**What this task involves:**
Exact copy, no pictures: return all the data below as written.
══ Dataset content
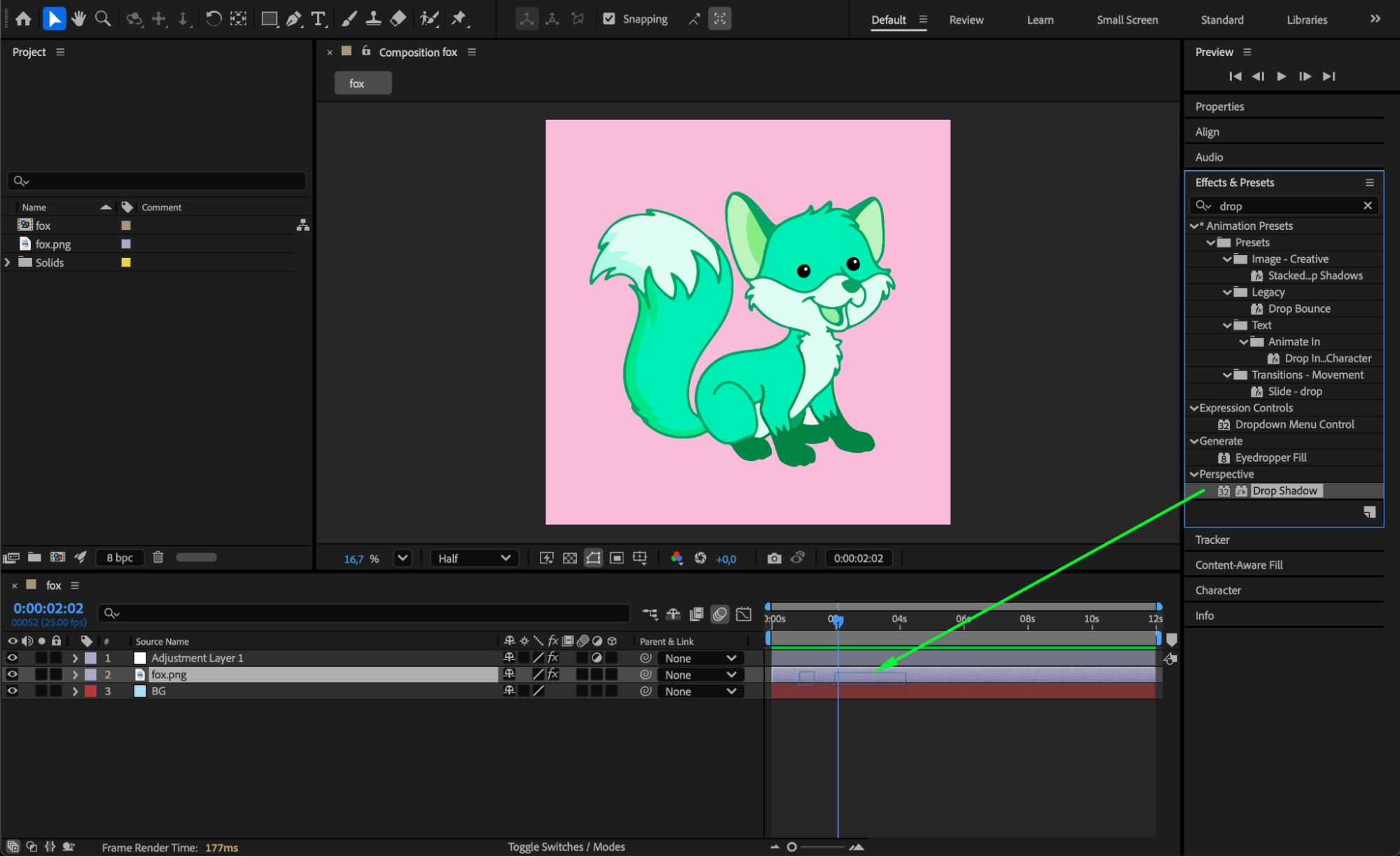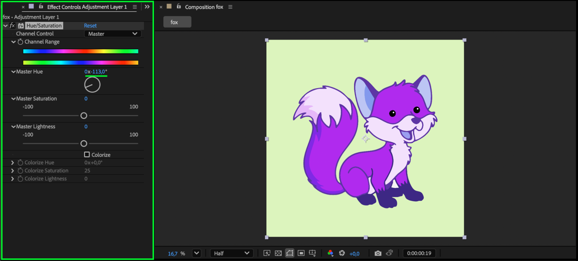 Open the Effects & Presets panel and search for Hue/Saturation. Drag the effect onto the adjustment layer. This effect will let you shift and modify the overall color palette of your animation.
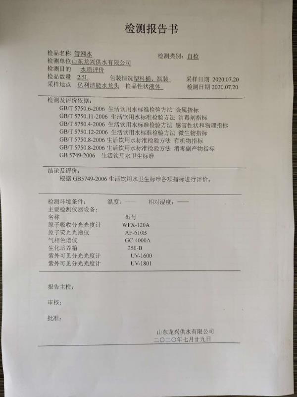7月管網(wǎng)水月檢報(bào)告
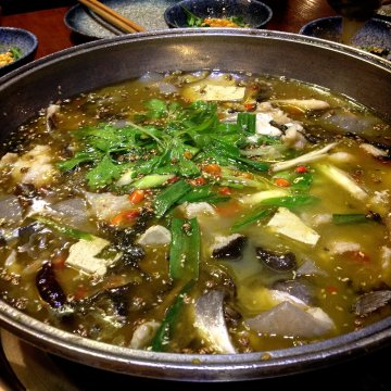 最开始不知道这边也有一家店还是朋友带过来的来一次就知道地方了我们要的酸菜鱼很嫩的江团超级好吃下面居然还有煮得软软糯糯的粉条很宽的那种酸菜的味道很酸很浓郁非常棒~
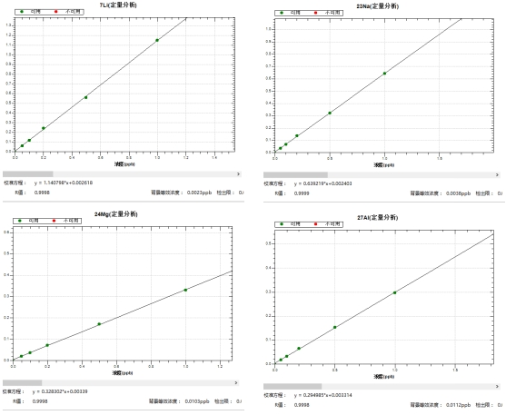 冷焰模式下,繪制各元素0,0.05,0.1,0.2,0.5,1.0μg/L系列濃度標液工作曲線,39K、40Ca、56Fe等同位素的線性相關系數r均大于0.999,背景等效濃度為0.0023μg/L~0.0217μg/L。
════
**Your solution:**
 Open the Effects & Presets panel and search for Hue/Saturation. Drag the effect onto the adjustment layer. This effect will let you shift and modify the overall color palette of your animation.
7月管網(wǎng)水月檢報(bào)告
 最开始不知道这边也有一家店还是朋友带过来的来一次就知道地方了我们要的酸菜鱼很嫩的江团超级好吃下面居然还有煮得软软糯糯的粉条很宽的那种酸菜的味道很酸很浓郁非常棒~
 冷焰模式下,繪制各元素0,0.05,0.1,0.2,0.5,1.0μg/L系列濃度標液工作曲線,39K、40Ca、56Fe等同位素的線性相關系數r均大于0.999,背景等效濃度為0.0023μg/L~0.0217μg/L。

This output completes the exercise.